Data segment:

◇ ◇ ◇ ◇ ◇ ◇ ◇

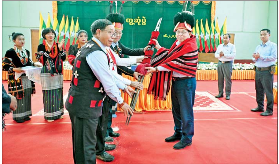
ပြည်ထောင်စုသမ္မတမြန်မာနိုင်ငံတော် ယာယီသမ္မတ နိုင်ငံတော်လုံခြုံရေးနှင့် အေးချမ်းသာယာရေးကော်မရှင်ဥက္ကဋ္ဌ ဗိုလ်ချုပ်မှူးကြီး မင်းအောင်လှိုင်က နာကကိုယ်ပိုင်အုပ်ချုပ်ခွင့်ရဒေသဦးစီးအဖွဲ့ဥက္ကဋ္ဌ၊ နာကရိုးရာ စာပေနှင့်ယဉ်ကျေးမှုကော်မတီဥက္ကဋ္ဌနှင့် တာဝန်ရှိသူများက နာကရိုးရာ ခေါင်းပေါင်း၊ မြို့ထည်နှင့် ရိုးရာလက်ဆောင်ပစ္စည်းများ ဂါရဝပြုဆင်မြန်းပေးအပ်စဉ်။

ဝန်ကြီးများ၊ စစ်ကိုင်းတိုင်းဒေသကြီး ဝန်ကြီးချုပ် ဦးမြတ်ကျော်၊ ကာကွယ်ရေး ဦးစီးချုပ်ရုံးမှ အဆင့်မြင့် တပ်မတော်အရာရှိကြီးများနှင့် ဇနီးများ၊ အနောက်မြောက်တိုင်းစစ်ဌာနချုပ်တိုင်းမှူး၊ ဒုတိယဝန်ကြီးများ၊ လဟယ်မြို့နှင့် လေရှိုးမြို့တို့ရှိ ဌာနဆိုင်ရာ တာဝန်ရှိသူများ၊ မြို့မိမြို့ဖများ၊ တိုင်းရင်းသားရိုးရာစာပေနှင့် ယဉ်ကျေးမှုအဖွဲ့များ၊ ဒေသခံတိုင်းရင်းသားပြည်သူများ တက်ရောက်ကြသည်။ ဒေသဆိုင်ရာ အချက်အလက်များနှင့် ဒေသဖွံ့ဖြိုးရေးအတွက် လိုအပ်ချက်များအား အသီးသီးဆွေးနွေးတင်ပြ ဦးစွာ လဟယ်မြို့နှင့် လေရှိုးမြို့တို့မှ နာကကိုယ်ပိုင်အုပ်ချုပ်ခွင့်ရဒေသ ဦးစီးဥက္ကဋ္ဌ ဦးထွန်းထွန်းဝင်းနှင့် လေရှိုးမြို့နယ် စီမံခန့်ခွဲရေးနှင့် အုပ်ချုပ်ရေးကော်မတီ ဥက္ကဋ္ဌ ဦးဝင်းမောင်တို့က ဒေသဆိုင်ရာ အချက်အလက်များ၊ ဒေသတည်ငြိမ်အေးချမ်းရေး လုပ်ငန်းများ ဆောင်ရွက်ထားရှိမှု၊ ပါတီစုံဒီမိုကရေစီအထွေထွေရွေးကောက်ပွဲ အောင်မြင်စွာကျင်းပပြုလုပ်နိုင်ခဲ့မှု၊ နာကဒေသအတွင်း မြေအသုံးချမှုနှင့် ပျမ်းမျှရရှိမှု၊ ကဏ္ဍကြီးများအလိုက် ကုန်ထုတ်လုပ်မှုများ တိုးတက်ထုတ်လုပ်နိုင်ခဲ့မှု၊ ရာသီအလိုက် သီးနှံများစိုက်ပျိုးလျက်ရှိမှု၊ ဒေသဝမ်းစာဖူလုံမှု၊ မွေးမြူရေးလုပ်ငန်းများ ဆောင်ရွက်ထားရှိမှု၊ နိုင်ငံစီးပွားရေးမြှင့်တင်ရေးရန်ပုံငွေများ ထုတ်ချေးပေးထားမှု
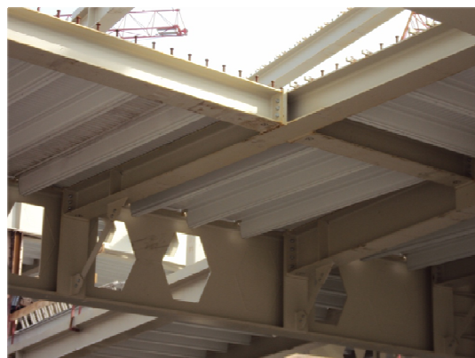
Slika 4 - Pogled na konstrukciju stropa
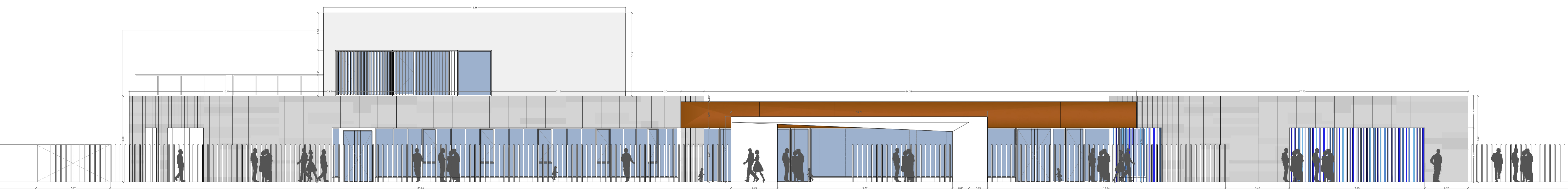
ALZADO C-C' - calle

◇ ◇ ◇ ◇ ◇ ◇ ◇

Exercise prompt:
Please retype the listing exactly, leaving out any images.

Problem solution:
ပြည်ထောင်စုသမ္မတမြန်မာနိုင်ငံတော် ယာယီသမ္မတ နိုင်ငံတော်လုံခြုံရေးနှင့် အေးချမ်းသာယာရေးကော်မရှင်ဥက္ကဋ္ဌ ဗိုလ်ချုပ်မှူးကြီး မင်းအောင်လှိုင်က နာကကိုယ်ပိုင်အုပ်ချုပ်ခွင့်ရဒေသဦးစီးအဖွဲ့ဥက္ကဋ္ဌ၊ နာကရိုးရာ စာပေနှင့်ယဉ်ကျေးမှုကော်မတီဥက္ကဋ္ဌနှင့် တာဝန်ရှိသူများက နာကရိုးရာ ခေါင်းပေါင်း၊ မြို့ထည်နှင့် ရိုးရာလက်ဆောင်ပစ္စည်းများ ဂါရဝပြုဆင်မြန်းပေးအပ်စဉ်။

ဝန်ကြီးများ၊ စစ်ကိုင်းတိုင်းဒေသကြီး ဝန်ကြီးချုပ် ဦးမြတ်ကျော်၊ ကာကွယ်ရေး ဦးစီးချုပ်ရုံးမှ အဆင့်မြင့် တပ်မတော်အရာရှိကြီးများနှင့် ဇနီးများ၊ အနောက်မြောက်တိုင်းစစ်ဌာနချုပ်တိုင်းမှူး၊ ဒုတိယဝန်ကြီးများ၊ လဟယ်မြို့နှင့် လေရှိုးမြို့တို့ရှိ ဌာနဆိုင်ရာ တာဝန်ရှိသူများ၊ မြို့မိမြို့ဖများ၊ တိုင်းရင်းသားရိုးရာစာပေနှင့် ယဉ်ကျေးမှုအဖွဲ့များ၊ ဒေသခံတိုင်းရင်းသားပြည်သူများ တက်ရောက်ကြသည်။ ဒေသဆိုင်ရာ အချက်အလက်များနှင့် ဒေသဖွံ့ဖြိုးရေးအတွက် လိုအပ်ချက်များအား အသီးသီးဆွေးနွေးတင်ပြ ဦးစွာ လဟယ်မြို့နှင့် လေရှိုးမြို့တို့မှ နာကကိုယ်ပိုင်အုပ်ချုပ်ခွင့်ရဒေသ ဦးစီးဥက္ကဋ္ဌ ဦးထွန်းထွန်းဝင်းနှင့် လေရှိုးမြို့နယ် စီမံခန့်ခွဲရေးနှင့် အုပ်ချုပ်ရေးကော်မတီ ဥက္ကဋ္ဌ ဦးဝင်းမောင်တို့က ဒေသဆိုင်ရာ အချက်အလက်များ၊ ဒေသတည်ငြိမ်အေးချမ်းရေး လုပ်ငန်းများ ဆောင်ရွက်ထားရှိမှု၊ ပါတီစုံဒီမိုကရေစီအထွေထွေရွေးကောက်ပွဲ အောင်မြင်စွာကျင်းပပြုလုပ်နိုင်ခဲ့မှု၊ နာကဒေသအတွင်း မြေအသုံးချမှုနှင့် ပျမ်းမျှရရှိမှု၊ ကဏ္ဍကြီးများအလိုက် ကုန်ထုတ်လုပ်မှုများ တိုးတက်ထုတ်လုပ်နိုင်ခဲ့မှု၊ ရာသီအလိုက် သီးနှံများစိုက်ပျိုးလျက်ရှိမှု၊ ဒေသဝမ်းစာဖူလုံမှု၊ မွေးမြူရေးလုပ်ငန်းများ ဆောင်ရွက်ထားရှိမှု၊ နိုင်ငံစီးပွားရေးမြှင့်တင်ရေးရန်ပုံငွေများ ထုတ်ချေးပေးထားမှု
Slika 4 - Pogled na konstrukciju stropa
ALZADO C-C' - calle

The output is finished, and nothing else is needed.